> _Entries supplied_:
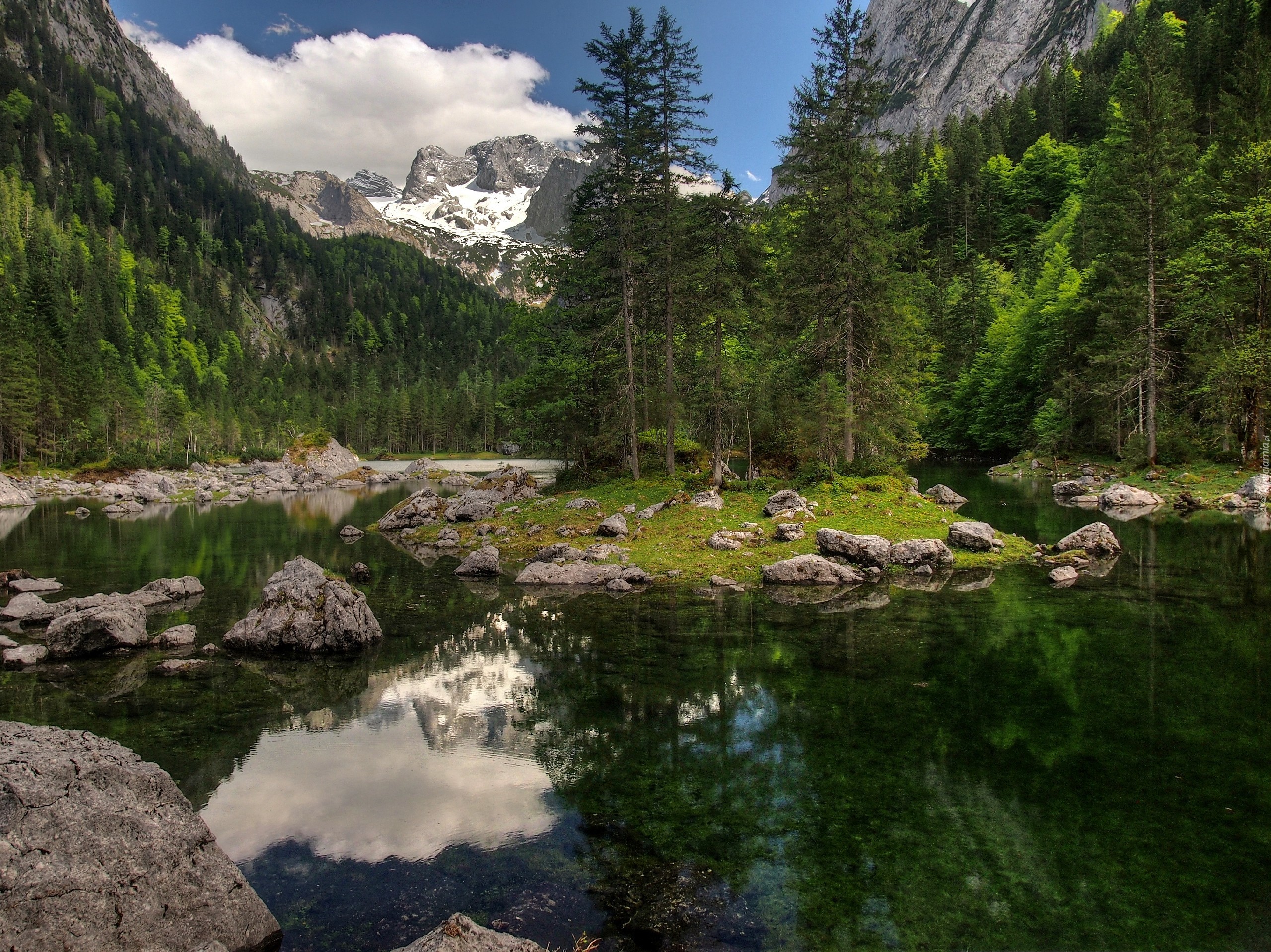 Edytor tapety: Góry, Jezioro, Drzewa, Wysepka, Kamienie
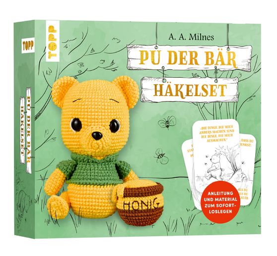 With the high-quality yarn made from 63% cotton, 37% polyacrylic, the matching crochet hook and the soft filling cotton, your Pu der Bär will not only be an eye-catcher, but also a cuddly friend. The included cards with quotes from Pu give your project a personal touch and inspire with wisdom that touches the heart.
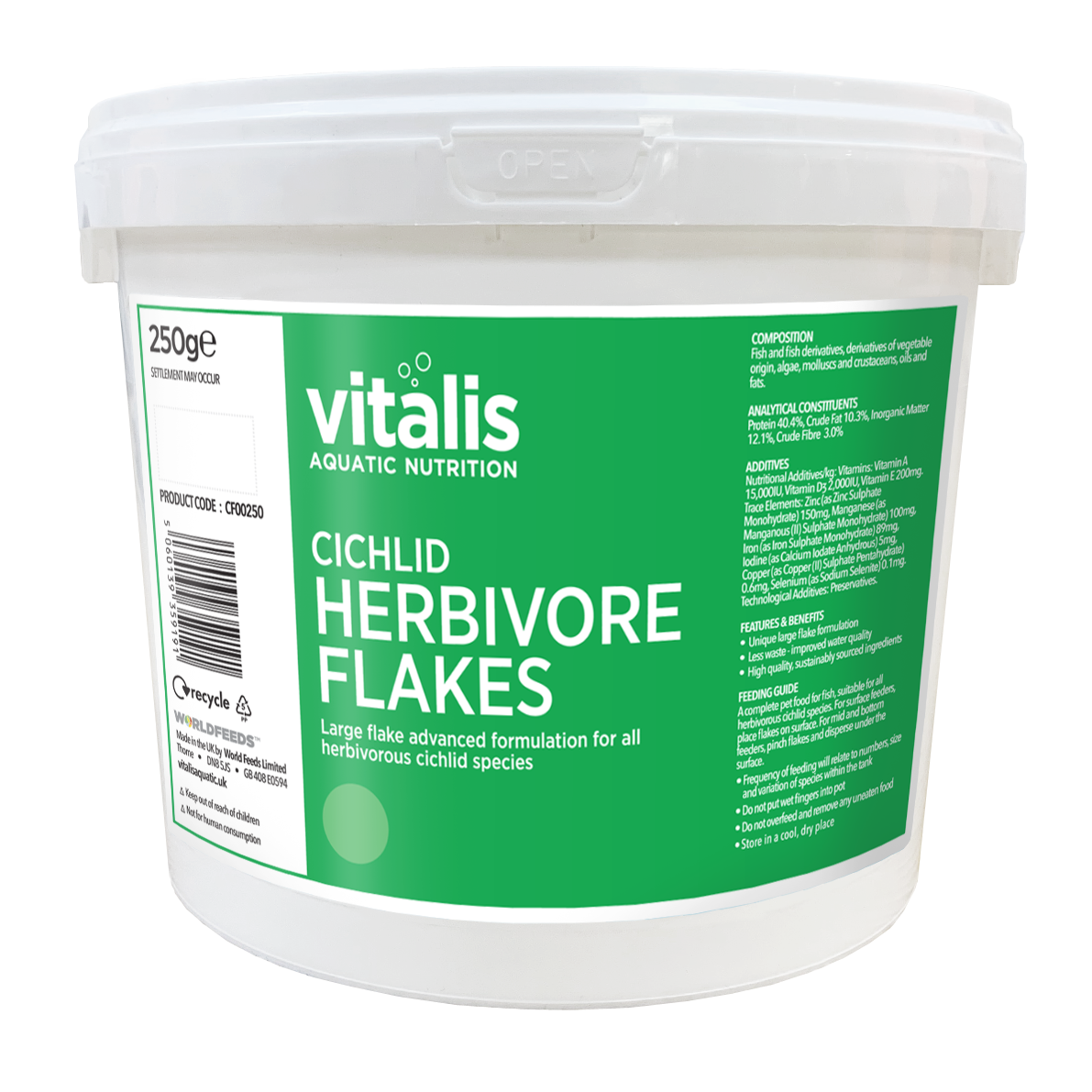Vitalis Cichlid Herbivore Flakes are specially formulated to meet the lower protein requirements of herbivorous cichlid species native to Africa’s Rift Lakes, including Tanganyika and Malawi. Enriched with nutrient-rich algae and spirulina, these flakes support healthy digestion and vibrant colouration thanks to natural pigments in the ingredients.
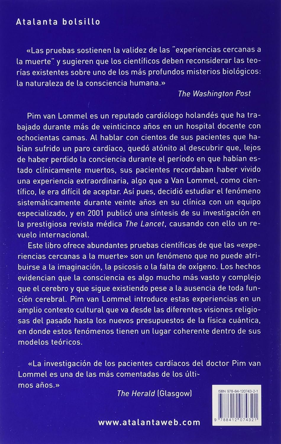 «Las pruebas sostienen la validez de las experiencias cercanas a la muerte y sugieren que los científicos deben reconsiderar las teo¡rías existentes sobre uno de los más profundos misterios biológicos: la naturaleza de la consciencia humana.» The Washington Post Pim van Lommel es un reputado cardiólogo holandés que ha trabajado durante más de veinticinco años en un hospital docente con ochocientas camas. Al hablar con cientos de sus pacientes que habían sufrido un paro cardíaco, quedó atónito al descubrir que, lejos de haber perdido la conciencia durante el período en que habían estado clínicamente muertos, sus pacientes recordaban haber vivido una experiencia extraordinaria, algo que a Van Lommel como científico le era difícil de aceptar. Así pues, decidió estudiar el fenómeno sistemáticamente durante veinte años en su clínica con un equipo especializado y en 2001 publicó una síntesis de su investigación en la prestigiosa revista médica The Lancet, causando con ello un revuelo internacional. Este libro ofrece abundantes pruebas científicas de que las «experiencias cercanas a la muerte» son un fenómeno que no puede atribuirse a la imaginación, la psicosis o la falta de oxígeno. Los hechos evidencian que la conciencia es algo mucho más vasto y complejo que el cerebro y que sigue existiendo pese a la ausencia de toda función cerebral. Pim van Lommel introduce estas experiencias en un amplio contexto cultural que va desde las diferentes visiones religiosas del pasado hasta los nuevos presupuestos de la física cuántica, en donde estos fenómenos tienen un lugar coherente dentro de sus modelos teóricos. «La investigación de los pacientes cardíacos del doctor Pim van Lommel es una de los más comentados de los últimos años.». The Herald (Glasgow).
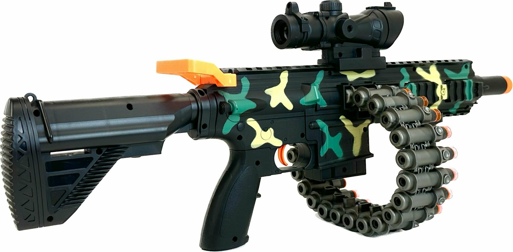 | Тип боеприпасов | гидрогелевые шарики / мягкие пули / мягкие шарики / патроны / пули / ракеты |
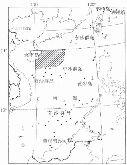 中国海军“佛山号”护卫舰正在图示海区(阴影部分)进行战备巡航,以此保卫祖国的蓝色海疆。读中国部分海域图,完成 1~3 题。
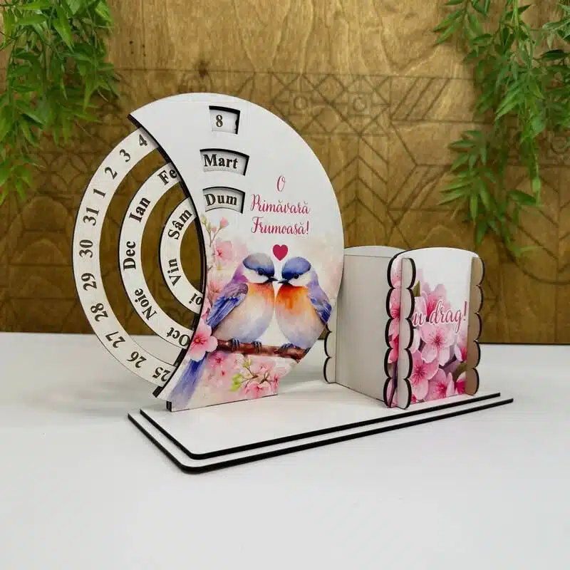 Organizator cu calendar veșnic “O Primăvară Frumoasă” este un obiect practic și decorativ, potrivit pentru birou sau spațiul de acasă. Îmbină utilitatea zilnică cu un mesaj festiv, fiind o alegere inspirată pentru aniversări și ocazii speciale.
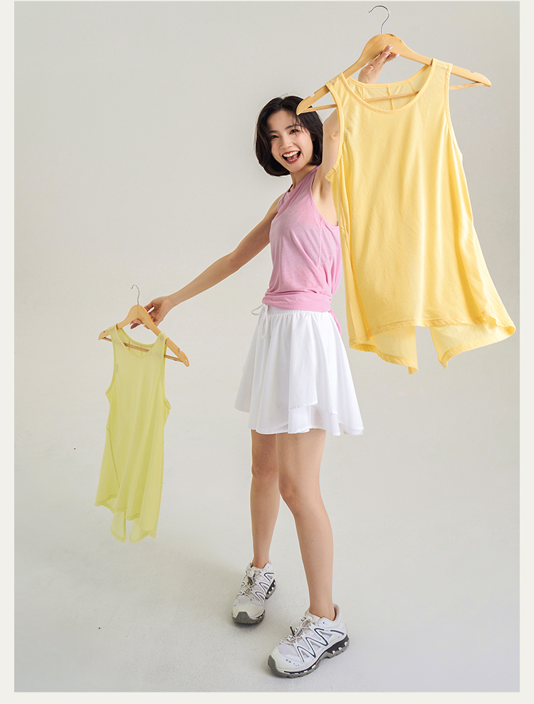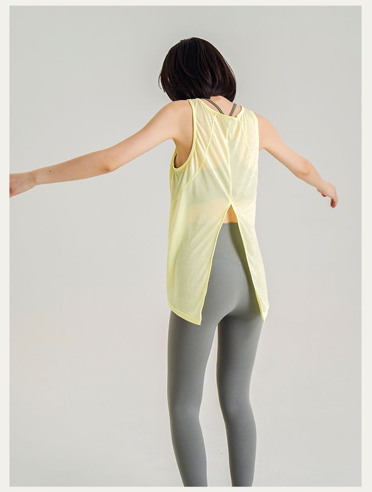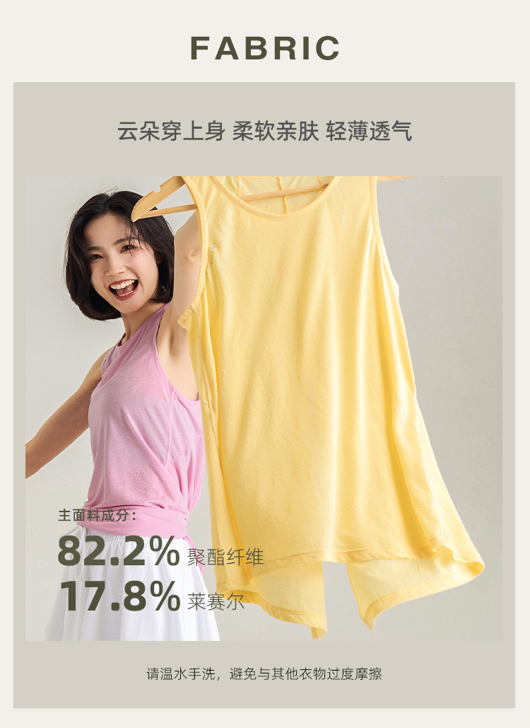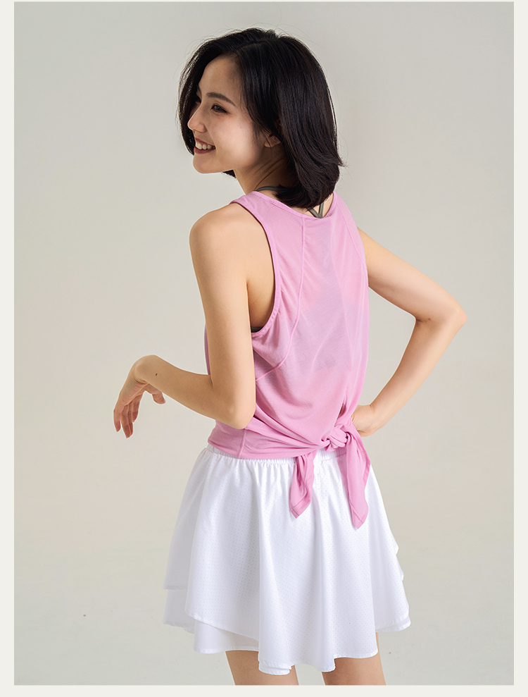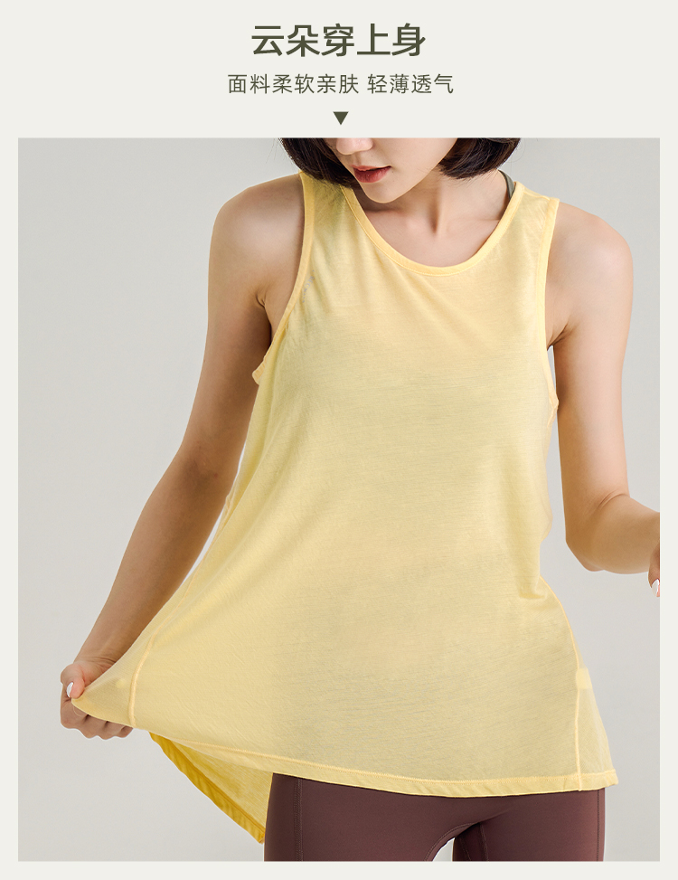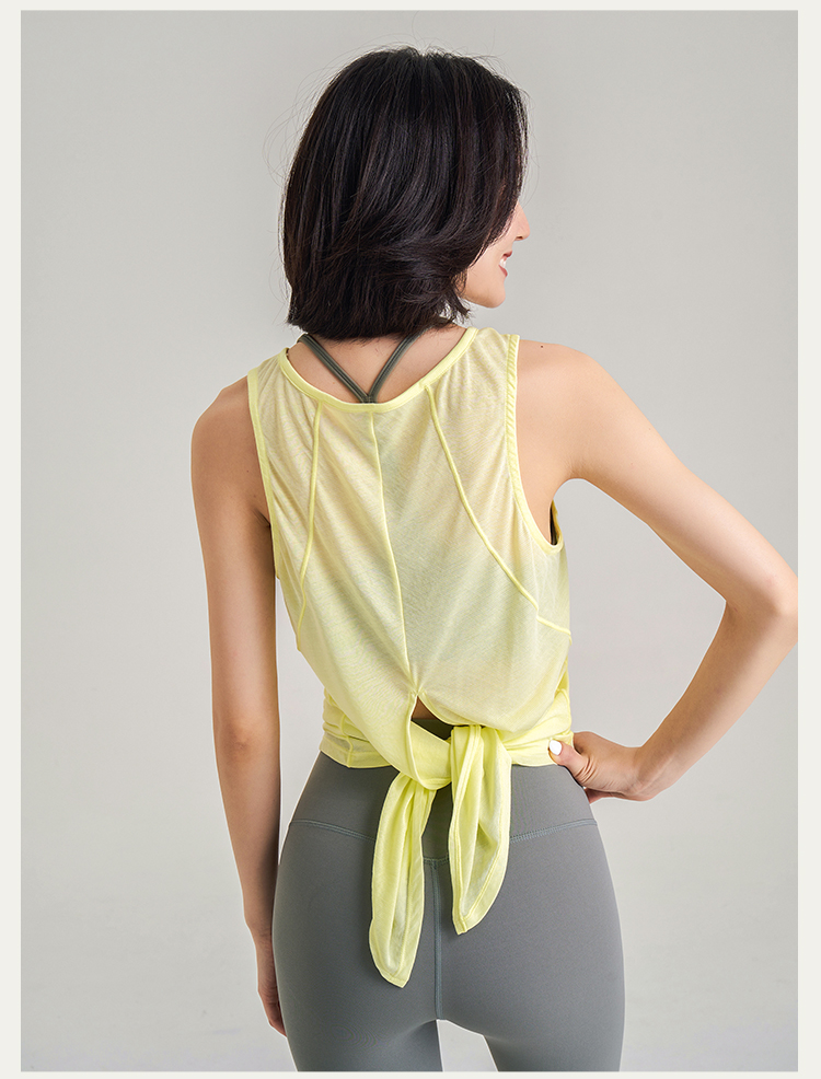 【莱赛尔天丝】后背开叉可系结背心罩衫 瑜伽轻薄圆领无袖上衣
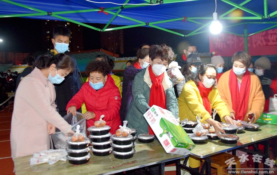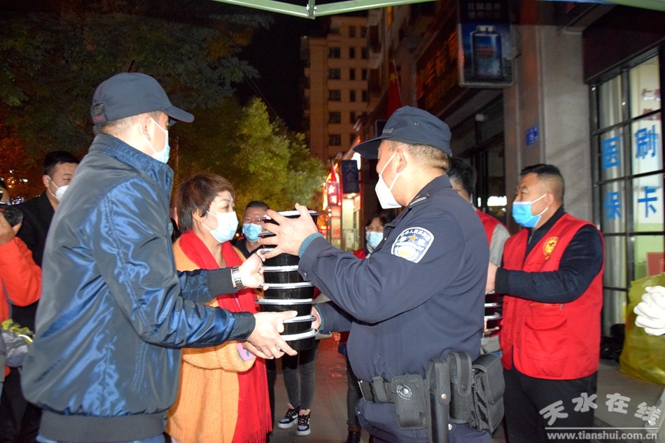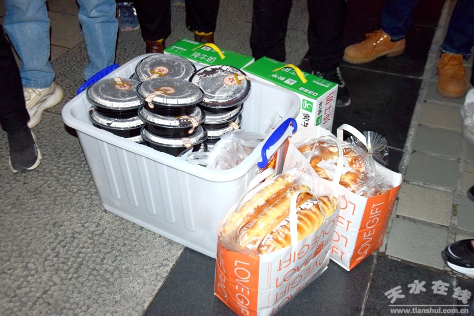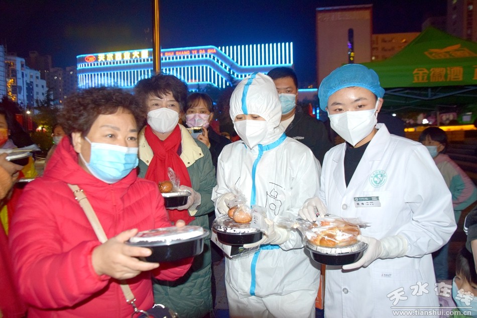 目前,我市疫情防控形势十分严峻,为抗击疫情,秦州区和麦积区开始进行大规模核酸检测。为助力防疫一线,10月24晚,我市“公益在行动,爱心在路上”公益团队组织爱心人士,积极筹措食物,对秦州区龙城广场、天庆嘉园、南山体育场、天水西出入口、伏羲中学5个核酸检测工作点送去夜宵180份,包括牛奶、面包、方便面、茶叶蛋、八宝粥、火腿肠等4千多元的食品,其中八宝粥和茶叶蛋由王娅萍女士带领员工亲自制作,为一线医护人员和志愿者送去了温暖。
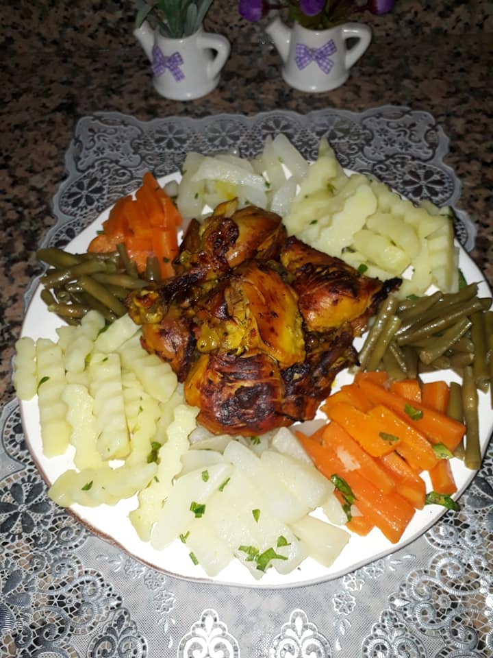 نصلق الخضر في ماء مملح او نبخرها و نقدمها مرفقة بالدجاج
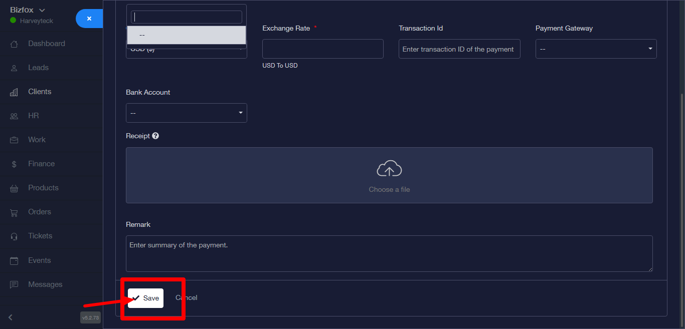 STEP 6: Click on payment at the top bar next, it will then direct you to the payment page with options to add payment and export. Then click on the add payment button.
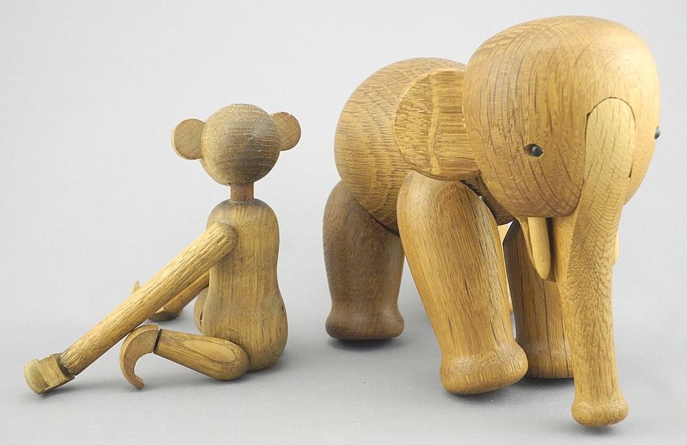 Kay Bojesen Elephant (signed, 6 1/4" L) & Bojesen-Style Monkey.

> _Required work_: Exact repeats of the lines from the first one in the data through the line containing "Vitalis Cichlid Herbivore" make up the answer. Pictures do not.

> _Your solution_:
 Edytor tapety: Góry, Jezioro, Drzewa, Wysepka, Kamienie
 With the high-quality yarn made from 63% cotton, 37% polyacrylic, the matching crochet hook and the soft filling cotton, your Pu der Bär will not only be an eye-catcher, but also a cuddly friend. The included cards with quotes from Pu give your project a personal touch and inspire with wisdom that touches the heart.
Vitalis Cichlid Herbivore Flakes are specially formulated to meet the lower protein requirements of herbivorous cichlid species native to Africa’s Rift Lakes, including Tanganyika and Malawi. Enriched with nutrient-rich algae and spirulina, these flakes support healthy digestion and vibrant colouration thanks to natural pigments in the ingredients.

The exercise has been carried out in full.